[Material for this task]

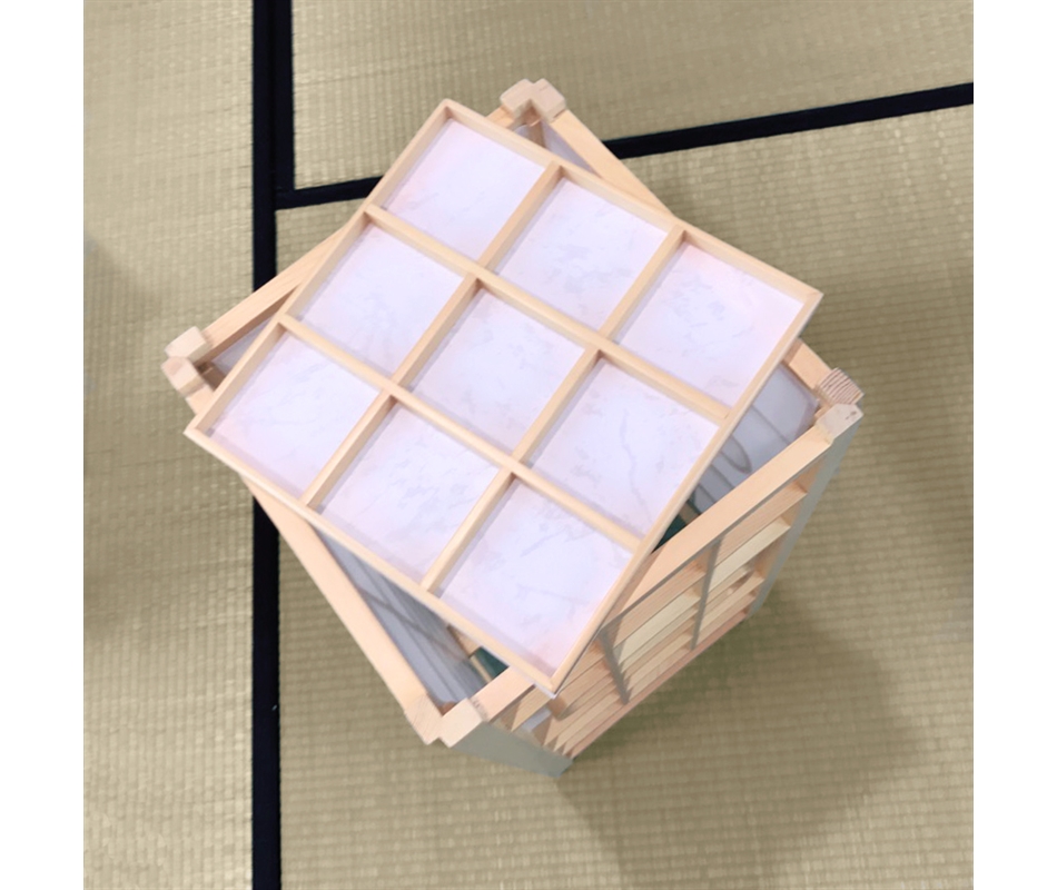 Lampada Giapponese artigianale realizzata in legno di Pino e carta di riso.
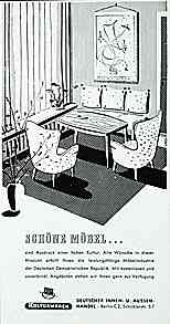 | |  | | | "Besser leben schöner wohnen" - "Möbel-Wanderausstellung des Ministeriums für Leichtindustrie und der deutschen Bauakademie", Heft - Mehr zum Thema "DDR-Möbel 50er Jahre" HIER | | Deutscher Innen- und Aussenhandel - "Schöne Möbel sind Ausdruck einer hohen Kultur", Zeitschriftenwerbung | |
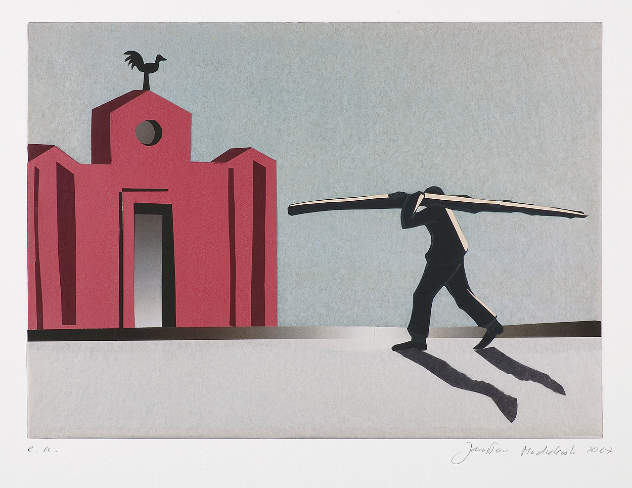 Jarosław Modzelewski (Warszawa 1955, mieszka w Warszawie) studiował malarstwo w ASP w Warszawie w latach 1975-1980, uzyskując dyplom w pracowni Stefana Gierowskiego. Od 1982 pracuje jako pedagog na macierzystym wydziale. W 1982 był współzałożycielem „Gruppy”, najważniejszego ugrupowania nurtu nowej ekspresji lat 80., działającego do 1992. W latach 1991-1996 wspólnie z Markiem Sobczykiem prowadził prywatną Szkołę Sztuki w Warszawie. Od wielu lat współpracuje z Galerią Zderzak w Krakowie. W początkowym okresie twórczości skłaniał się ku abstrakcji, wykorzystywał uproszczone znaki i emblematy oraz sylwetki odbite z szablonu. W 1985 namalował cykl oparty na ilustracjach do podręczników języka rosyjskiego, obrazujący proste czynności, których czasownikowe określenia stanowią tytuły prac. W 1986-1989 powstawały obrazy utrzymane w konwencji realistycznej, jednak zarazem o surrealnej atmosferze uzyskiwanej różnymi metodami, np. przez dublowanie figur, ukazywanie postaci w sytuacji niepewności czy zagrożenia, zabiegi z przestrzenią. W grupie obrazów z 1988 artysta rezygnuje z postaci ludzkiej na rzecz wyjątkowego nasycenia emocją samej przestrzeni pejzaży i wnętrz. Około 1990 wraca do kompozycji akcentujących czynności wykonywane przez postaci, które często umieszczone są w pustej, zaledwie zasugerowanej, acz dominującej przestrzeni. Odrealnienia i monumentalności dodaje tym obrazom płaskie i rozległe kładzenie koloru.
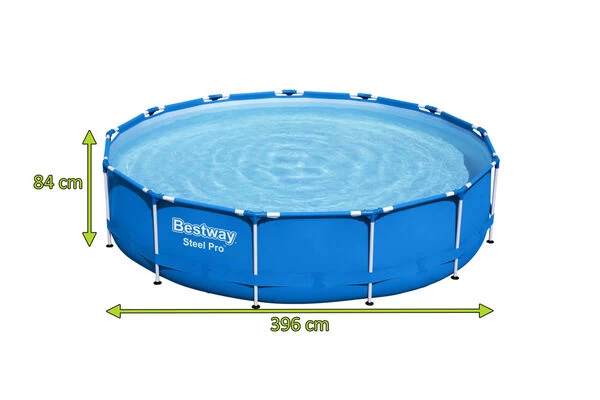 Der Steel Pro kann mit einer Größe von ca. Ø 396 x 84 cm mit maximal 8680 Litern gefüllt werden und bietet so für mehrere Personen ausreichend Platz. Durch das spezielle TriTech Material des Herstellers ist der Pool belastbar, strapazierfähig und äußerst langlebig, so dass Sie viele Sommer den heimischen Badespaß genießen können. Das von außen, einmal komplett um den Pool gehende PVC-Band sorgt für extra Stabilität der Seitenwände. Mit im Lieferumfang enthalten sind neben der Filterpumpe, eine passende Filterkartusche, die benötigten Schlauchverbindungen und ein selbstklebender Reparaturflicken.
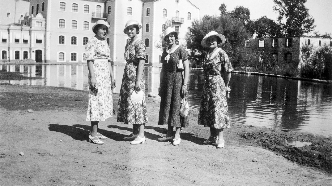 Πηγές Αγίας Βαρβάρας μπροστά στις καπναποθήκες του Herman Spierer και του Γιοσέφ Φαρατζή. Διακρίνονται τα ταξί της εποχής που πλένονται. (Αρχείο Αθανάσιου Κάζη)
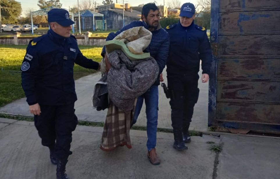 Efectivos policiales de Comisaría Segunda, a cargo del Subcomisario Rodrigo Díaz, en tareas de recorrido por la jurisdicción, lograron observar a una persona que dormía bajo temperaturas muy frías en la vía pública.
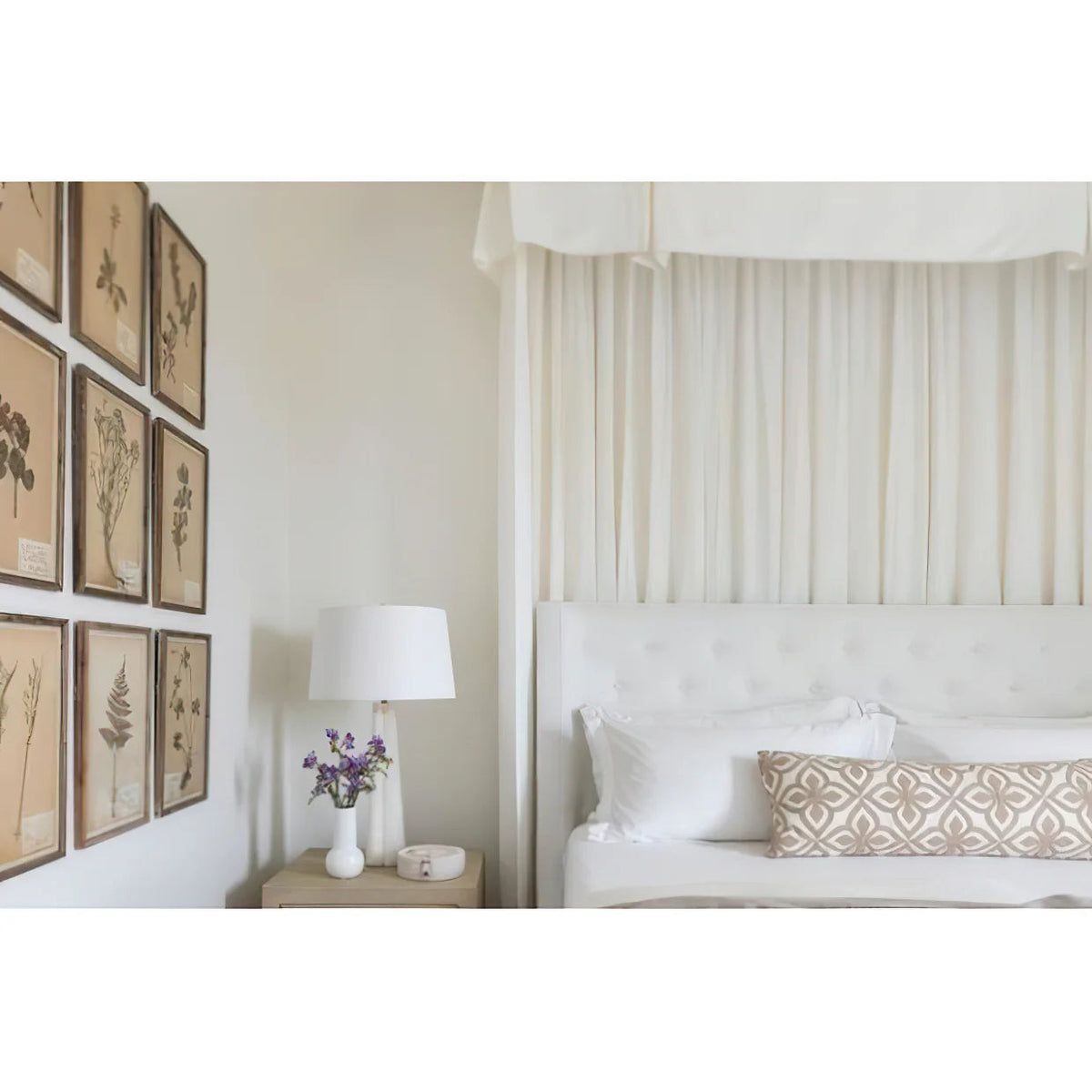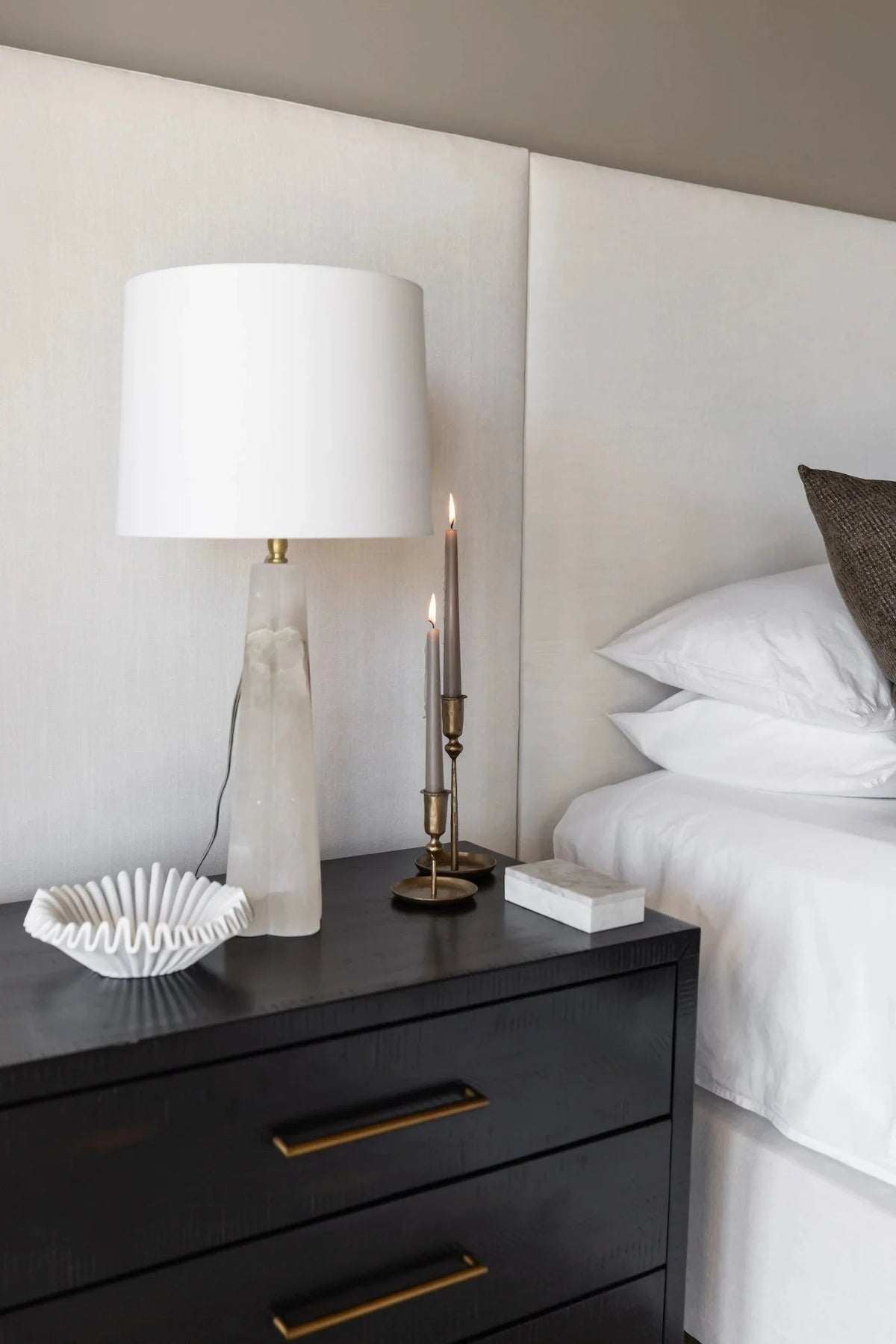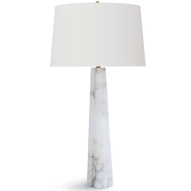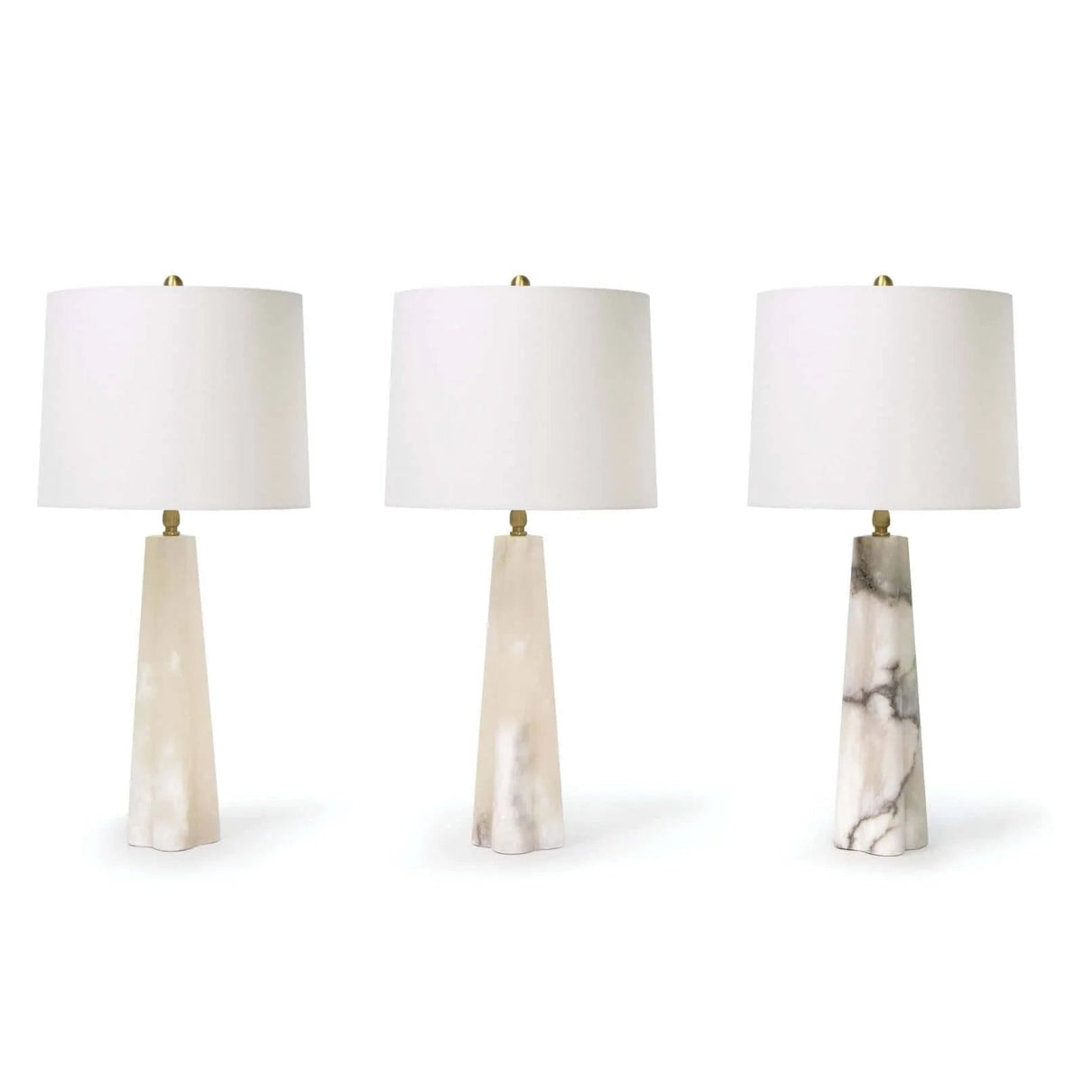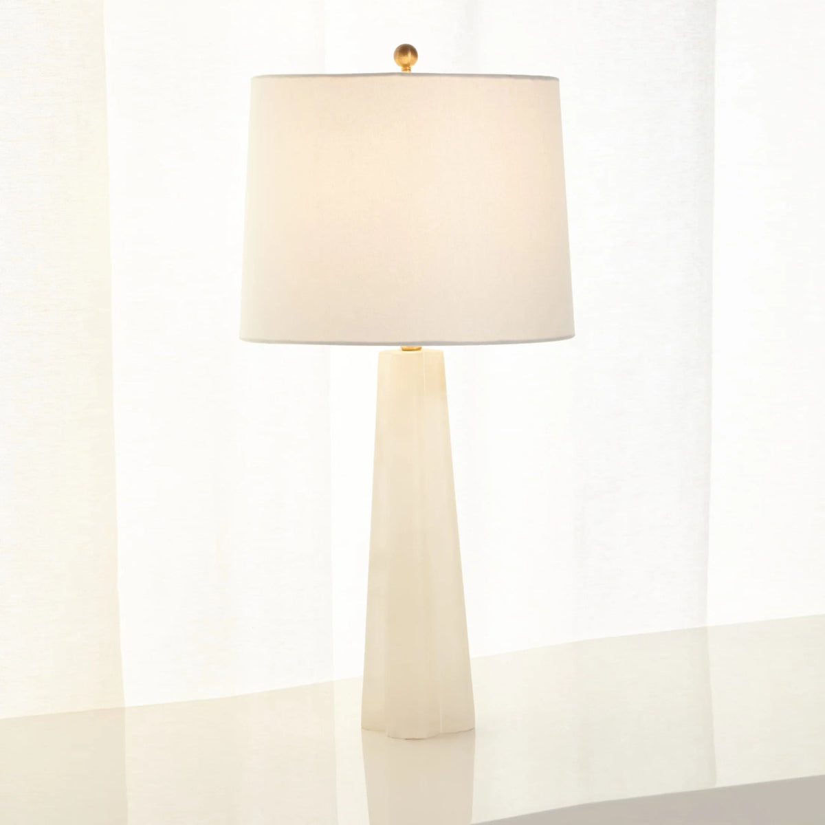 - Crafted from soft, luminous alabaster stone, the Quatrefoil Table Lamp features a gracefully tapered four-cornered base, blending organic texture with geometric sophistication. The warm glow of the alabaster pairs beautifully with the polished brass hardware, which elegantly supports a soft fabric lampshade for a harmonious balance of materials.
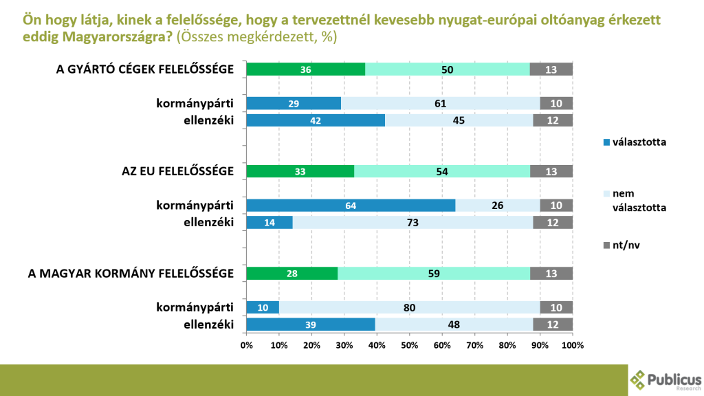 Tízből négy válaszadó szerint a gyártó cégek, a megkérdezettek harmada szerint az Európai Unió, illetve tízből három válaszadó szerint a magyar kormány fellelősége, hogy a tervezettnél kevesebb nyugat-európai oltóanyag érkezett eddig Magyarországra. Az EU fellelőséget leginkább a Fidesz, illetve a magyar kormány fellelőséget leginkább az ellenzék szavazói firtatják.
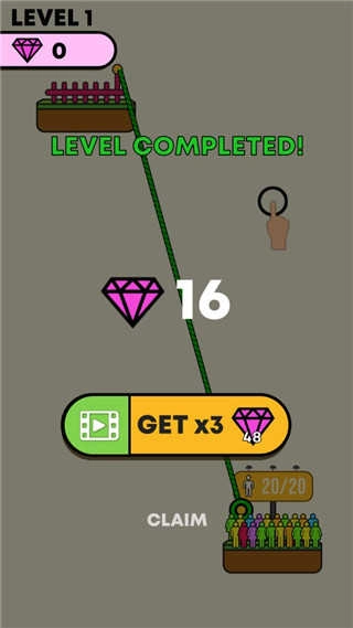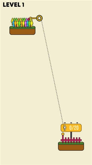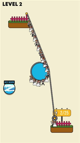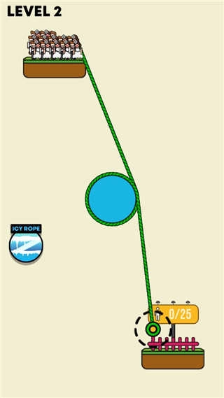 5、然后进入第二关便可开始游戏。同理,玩家需要搭建绳索,让这些人都到达安全区;
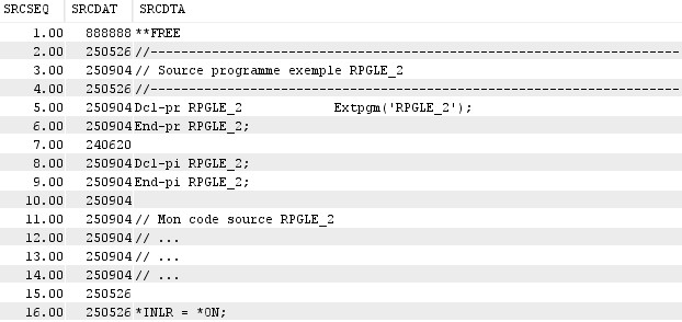 Retourne le contenu du membre source RPGLE_2.
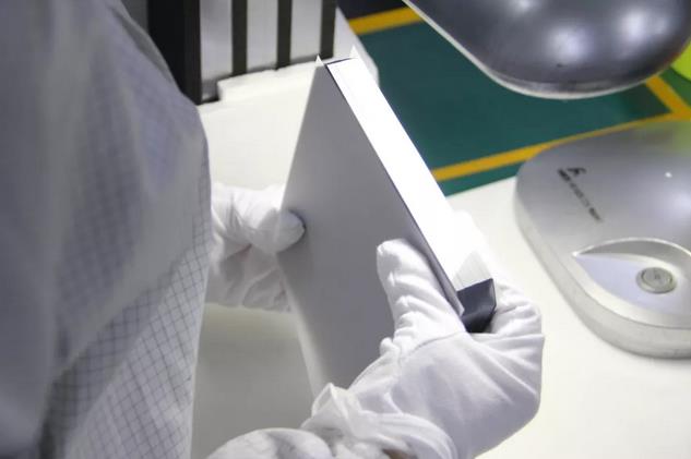 穿着像应对生化危机一样的衣服,任何一个有可能暴露的部位都小心遮挡起来,鞋子、手套、帽子和身体的连接部位都用拉锁拉好,工作人员说人体皮屑对产品质量都有影响。即使在这样超清洁环境中,检测部分仍然要小心用特殊材料和其他部分分开,以保证真正“一尘不染”。
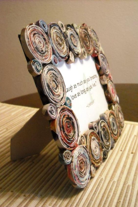 Para a decoração de sua casa vale fazer molduras, enfeites e até mesmo customização de porta-retrato ou quadro com canudos de jornal enrolados.

[/Material for this task]

What the task requires:
Output exactly the span of lines from the top of the listing through the line holding "Zeitschriftenwerbung | |", and leave every picture out.

Response area:
 Lampada Giapponese artigianale realizzata in legno di Pino e carta di riso.
 | |  | | | "Besser leben schöner wohnen" - "Möbel-Wanderausstellung des Ministeriums für Leichtindustrie und der deutschen Bauakademie", Heft - Mehr zum Thema "DDR-Möbel 50er Jahre" HIER | | Deutscher Innen- und Aussenhandel - "Schöne Möbel sind Ausdruck einer hohen Kultur", Zeitschriftenwerbung | |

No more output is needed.